Courtesy: American Textile History Museum
Transcribed: University of Massachusetts Lowell, Center for Lowell History
Lowell [Sunday] April 3, 1836
Respected Friend1 it is with pleasure I now employ a few moments in writing to inform you of my health which is very good at present and I hope this will find you in the enjoyment of the same they are a having a general turning out here now the girls in the narrow Weave Room went out at once on account of their lowering their wages they took off two shillings2 on a beam but Lawrence3 raised them again and sent for
them to come back and they did Saturday the Spinners all stoped their work at once and run up around Putman4 he grumped and says be oh the Devil how shall I get out of this go to work and I will make the report tomorrow unless they raise the wages they are all going out at 12 o'clo for good the [work?] is very bad and they are raising the Board to nine shillings and Jobhands cannot not much more than bear their
Board so i think you are better off where you are for there is more girls than you can shake a stick at the Lawrence corporation5 say they can spare an hundred girls and not miss them they are running over Holly Thompson has gone to doing house work at Doct Hubbard's6 she could not get in the factory nowhere in Lowell I saw Wilson7 Sunday he sends his respects to you and wants you should come back and court up David his Cousin he is a real pretty fellow you must come in the Fall when they get settled down again Mr. Webb8 & Wegewood9 has left Elkins10 has taken Weges place & Lumis11 Webbs they get along pretty well there has been quite a rel a revival here
1Mary S. Fraser
2Shillings: 1 shilling = about 16 cents, or 6 shillings = $1
3Lawrence: Lawrence Mills or Samuel Lawrence, Agent
Belvidere Mills
4Adam Putnam, manufacturer b: 16 July 1799 Stow, MA; house
Hurd St.; son of Asa Putnam and his 2nd wife Catherine Evelith;
married Dec 1823 Nancy Puffer
5Lawrence Mills
6Charles Hubbard, physician, house Church St., business Central St.
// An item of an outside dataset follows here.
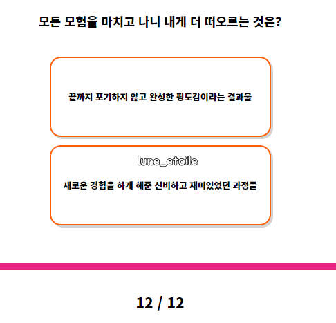 12.모든 모험을 마치가 나니 내게 더 떠오르는 것은?
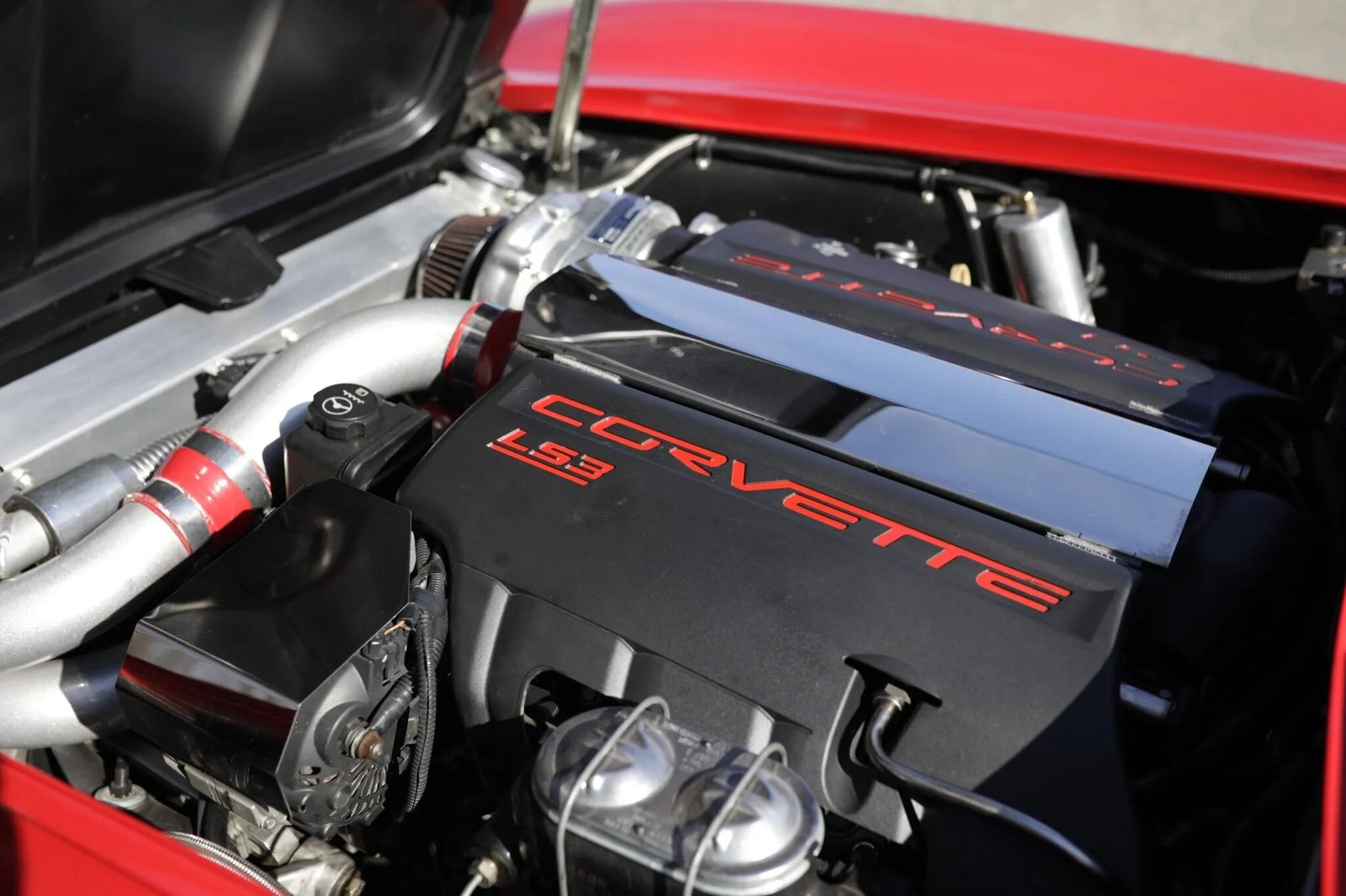 The 6.2-liter LS3 V8 is equipped with a ProCharger supercharger, aluminum cylinder heads, a high-lift hydraulic roller camshaft, and stainless-steel headers flowing into a stainless-steel dual exhaust system.

7Clifron Wilson b: 11 Apr 1811, Pelham, NH d: 19 July 1887;
son of Eliab Wilson b: Pelham, NH and Damaris Fox b: [Dracut?]
MA; married Hannah I. Williamson b: 6 July 1836, Pomfret, VT
8Edward A. Webb, overseer Middlesex Mills, house Lawrence St.
9Joshua Wedgewood, overseer Middlesex Mills, house near corner
Hurd and Warren Sts
10James Elkins, overseer Middlesex Mills, boards Miss Eliza
Manning Lawrence St.
11Warner S. Loomis, overseer Middlesex Mills, house corner
George and Warren Sts
among the Methodist12 Louis Dufer has become pious and Serene Buchnam & Clarissa Blake13 quite a change at Mrs. Coburns14 and I hope their will continue to be there and every- where else give my respects to all who may enquire for me
Hannah Parkhurst15 wants to come up their to work16 she wants you should ask Mr. Bingham what he will give her and she will come I shall expect you to write as soon as you get this write all about the folks about your Moses and how much he will give her per week it is almost night I cannot write very mor write as soon as you get this without fail besure and ask Mr. Bingham so goodby Hannah I. Williamson17
[on cover]
Miss Mary S. Fraser18
Stockbridge, VT19
12First Methodist Episcopal Church Chapel Hill - Revs Ira M.
Bidwell and Charles Noble
13Dufer, Buchnam, and Blake: operatives Middlesex Mills
14Mrs. Clarissa Coburn, boardinghouse keeper, Warren St.
15Hannah Parkhurst, operative Middlesex Mills, bds at Mrs.
Clarissa Coburn, Warren St.
16Woolen Mill built in Gaysville section of Stockbridge, VT
17Hannah Irenine Williamson b: 21 Apr 1816 Pomfret,
Windsor, VT d: 14 July 1901 Pelham, NH; daughter of Caleb
Bates Williamson d: 1822 and Hannah Tupper d: 1832;
orphaned at 16; married Clifron Wilson b: 11 Apr 1811,
Pelham, NH d: 19 July 1887
18Mary S. Fraser b: 29 Nov 1814 Pomfret, VT d: 20 Mar 1885;
married Mar 1841 Issacher Adams
19Stockbridge, VT Population 1,419 [1840]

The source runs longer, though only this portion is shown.